Nick Shulman responded:  2024-05-31 11:41
If the mass spectrometer does not detect any signal, then what we would expect to find is that the chromatogram has some intensity values in it, but the value of each of those intensities is zero.
However, what we see is that there are no intensity values at all, zero or otherwise.
This does look very suspicious because the chromatograms with no values do have a definite start and end time (e.g. 1.26 to 3.26 minutes), so the mass spectrometer thought it was collecting data across a real time range.
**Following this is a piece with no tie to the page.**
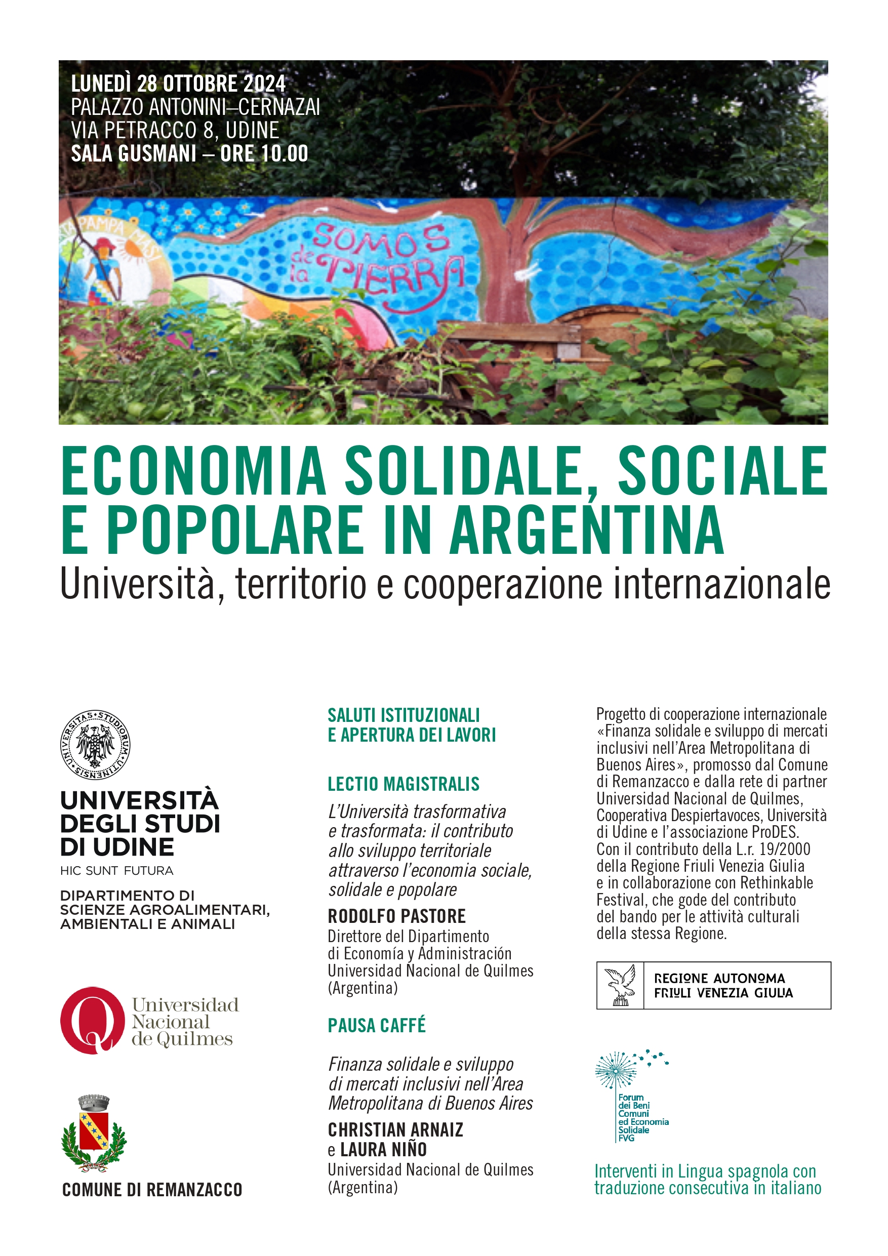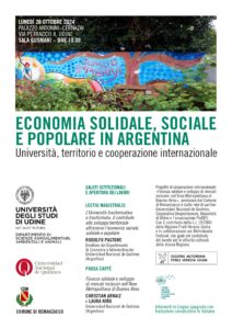 Giornata di approfondimento sull’economia solidale, sociale e popolare in Argentina, proposta dal Dipartimento di Scienze Agroalimentari, Ambientali e Animali dell’Università di Udine, in collaborazione con l’Universidad Nacional de Quilmes, la Regione Autonoma Friuli Venezia Giulia e il Forum dei Beni Comuni ed Economia Solidale, socio di Ries.

I will ask my coworkers and find out if Skyline is interpreting this data incorrectly.
-- Nick
 
george wang cal responded:  2024-05-31 13:05
Yes, the mass spectrometer is definitely collecting data across that range. The 714.6-> 369.4 has a few data points in the "stdmix4" sample, intensity is very low of course ~300 counts.

Just thought of another possible explanation: this compound elutes at 2.4 min, and there are many transitions in this retention time range. There are about 400 total spanning both modes, meaning there will be only 6-7 points acquired baseline to baseline, or only 3 per peak. I've counted the # of points in my samples. That, combined with the zero abundance, could combine to cause this issue?